TRIBUNAL DE JUSTIÇA DO ESTADO DO PIAUÍ
ÓRGÃO JULGADOR : 3ª Câmara Especializada Cível
APELAÇÃO CÍVEL (198) No 0807127-19.2018.8.18.0140
APELANTE: BANCO BONSUCESSO S.A., BANCO SANTANDER (BRASIL) S.A.
Advogado(s) do reclamante: GIOVANNA MORILLO VIGIL DIAS COSTA REGISTRADO(A) CIVILMENTE COMO GIOVANNA MORILLO VIGIL DIAS COSTA
APELADO: MARIA DO SOCORRO SOARES DOS SANTOS
Advogado(s) do reclamado: FAELEM DA SILVA NASCIMENTO
RELATOR(A): Desembargadora LUCICLEIDE PEREIRA BELO
EMENTA
DIREITO CIVIL E DO CONSUMIDOR. APELAÇÃO CÍVEL. CONTRATO DE CARTÃO DE CRÉDITO CONSIGNADO COM RMC. DESCONTOS INDEVIDOS EM BENEFÍCIO PREVIDENCIÁRIO. NULIDADE DO CONTRATO POR VÍCIO NO DEVER DE INFORMAÇÃO. PRESCRIÇÃO PARCIAL. RESTITUIÇÃO DE VALORES. RECURSO DESPROVIDO.

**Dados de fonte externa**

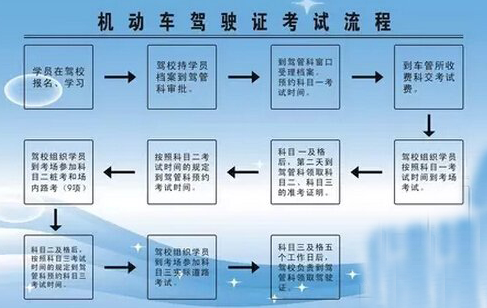 1、学车报名;2、学车体检;3、考科目一;4、考科目二;5、考科目三;6、考科目四 (安全文明驾驶宣誓);7、领取驾照。下面小编再详细介绍一下考驾照流程。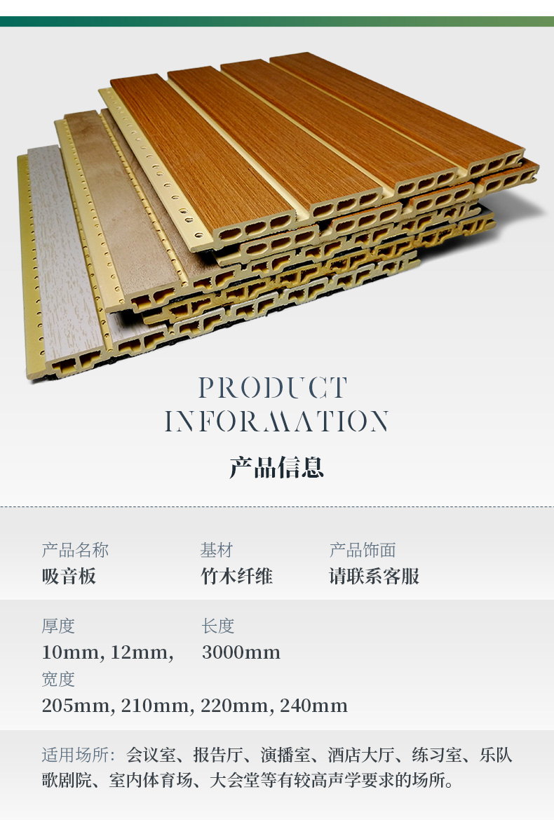 家裝場所:電視背景,床頭背景,大廳吸聲裝飾等。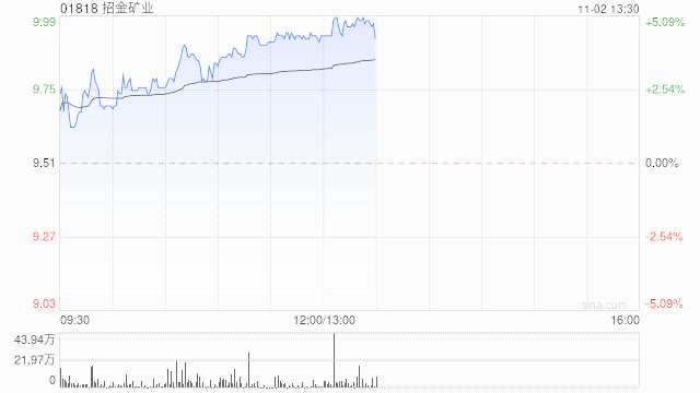 招金礦業(yè)(01818)午后漲幅持續(xù)擴大,上漲5.05%,現(xiàn)報9.99港元,成交額6895.87萬港元。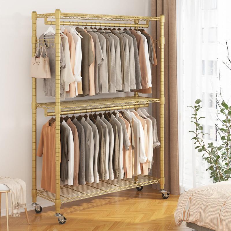 ·Multi-layer Storage The metal clothes hanger adopts a three-layer shelf with a double rod design, which makes flexible use of vertical space. The layer height can be adjusted freely to easily accommodate long and short clothes. The multifunctional storage area meets the needs of hanging clothes, stacking, and storage.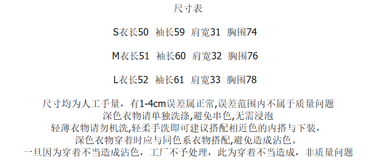 Size (cm) 42 44 46 48 50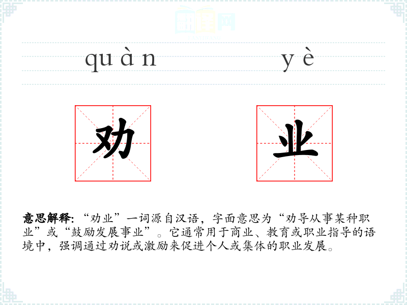 - 专业领域:在职业咨询或教育领域,“劝业”可能特指提供职业规划和指导服务。
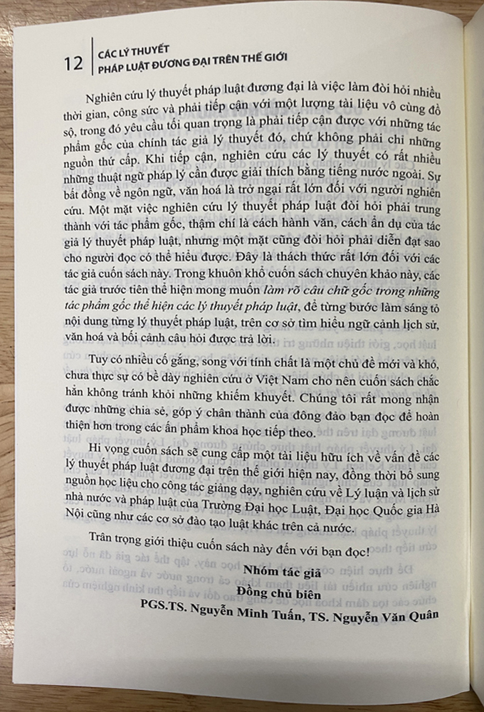 Xuất phát từ yêu cầu nâng cao chất lượng đào tạo và nghiên cứ luật học, giới thiệu những tri thức cần thiết về lý thuyết pháp luật đương đại trên thế giới hiện nay cho sinh viên, học viên cao học, nghiên cứu Chúng tôi tổ chức biên soạn cuốn sách chuyên khảo "Các lý thuyết pháp luật đương đại trên thế giới" Hi vọng cuốn sách sẽ là tài liệu hữu ích với các bạn sinh viên, học viên cao học, nghiên cứu sinh và những ai quan tâm nghiên cứu luật họ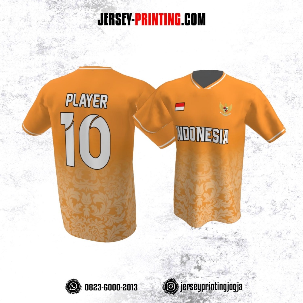 Jersey Atasan Badminton Volly Lari Futsal Orange Putih Motif Batik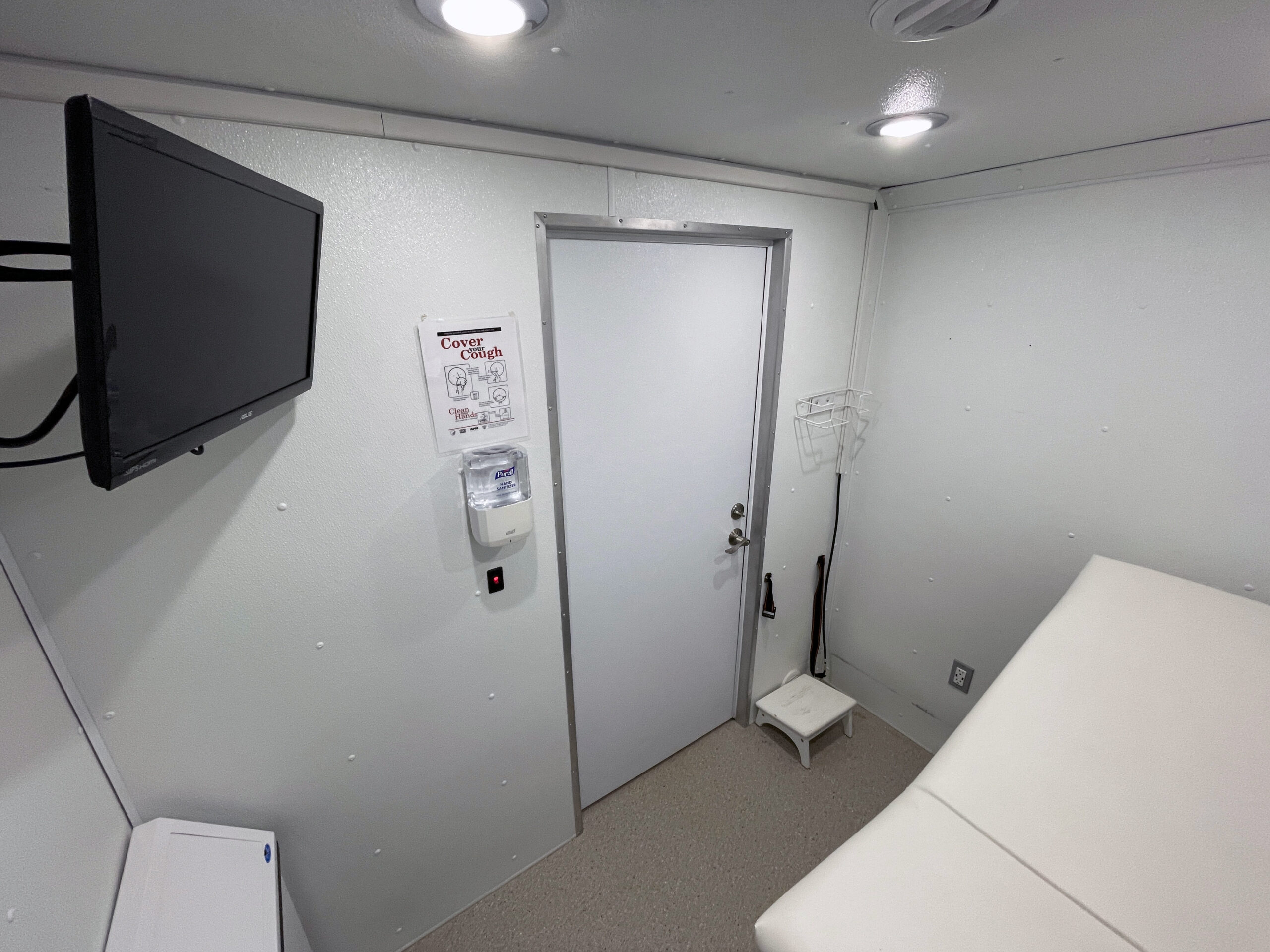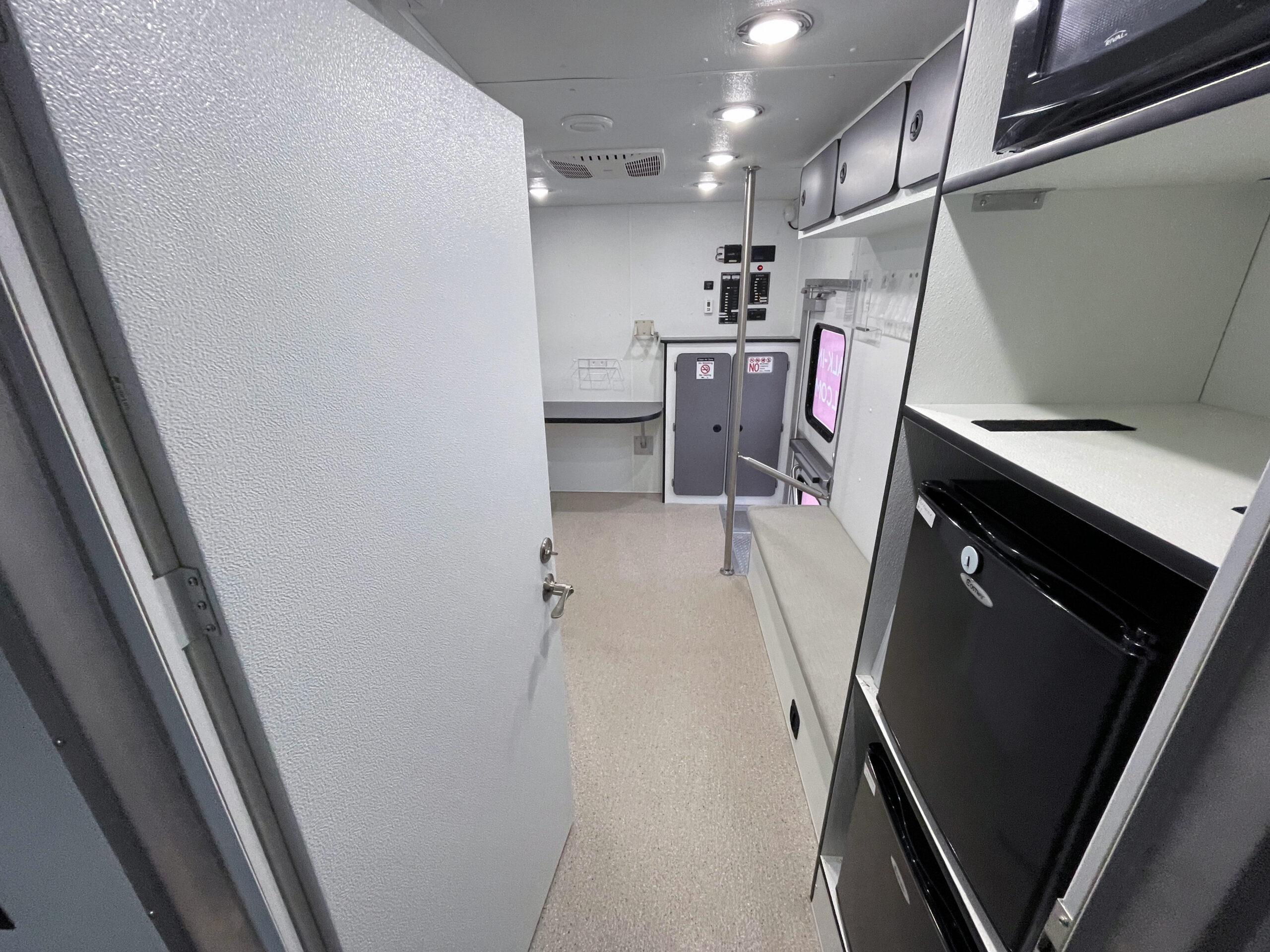For sale is a 2018 Mobile Medical Clinic on a Chevy Express 4500 chassis with the only 3,084 miles! This unit is in excellent shape and still feels ‘Like New’ as it was not deployed daily. This unit has a check-in/waiting area and a separate exam room. The unit is equipped with a Cummins Onan 7 Kw Commercial Generator with 345 hours and 30 Amp Shore Power access w/ cord. The front waiting area includes bench seating throughout, a Coleman Mach Rooftop A/C Unit, 120 Volt AC system, 12 Volt DC System, ISeries tank systems monitor for fresh and waste water tanks, Upper and Lower custom laminate locking cabinetry, sink/sanitation, workstation, (4) GFI outlets, (2) Costway convenience refrigerator, Airxcel carbon monoxide alarm, Rival microwave, and bathroom with a sink and specimen pass through. The back exam room has its own privacy locking door, Ritter 104 exam bed, ASUS TV Monitor, (2) GFI outlets, and trash can. This unit has as LED lighting throughout the interior, a backup camera w/ 7in screen for monitoring, and 2 outer storage compartments. For more information, please contact Ben at 419-708-3112.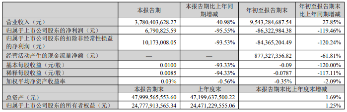 據(jù)恩捷股份發(fā)布的2025年第三季度報告來看,截止報告期末,公司實現(xiàn)營業(yè)總收入約95.43億元,同比上升27.85%,歸母凈利潤約-8632.3萬元,同比下降119.46%。按單季度數(shù)據(jù)看,第三季度營業(yè)總收入約37.8億元,同比上升40.98%,第三季度歸母凈利潤約679.08萬元,同比下降95.55%。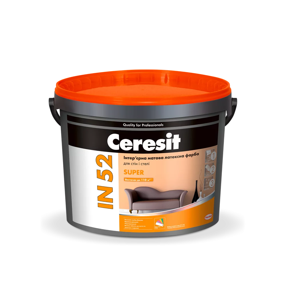 Ceresit IN 52 — латексна фарба для фарбування поверхонь будівельних конструкцій та елементів усередині будівель по мінеральних і органічних основах (шпалери, склохолст, фанера, ДСП і ДВП) в приміщеннях з нормальним експлуатаційним навантаженням. Допускається миття з використанням побутових миючих засобів. Можливе багатократне ремонтне перефарбування без видалення попереднього шару. Не застосовувати для підлоги. Для використання в будівлях медичного призначення та дитячих закладах.

Apelação cível interposta por instituição financeira contra sentença que julgou parcialmente procedente ação de procedimento comum cível, para declarar quitado contrato de cartão de crédito consignado, determinar a restituição de valores indevidamente descontados do benefício previdenciário da parte autora, com aplicação de repetição simples e, a partir de determinado marco temporal, repetição em dobro. A sentença rejeitou o pedido de indenização por danos morais e reconheceu a sucumbência recíproca.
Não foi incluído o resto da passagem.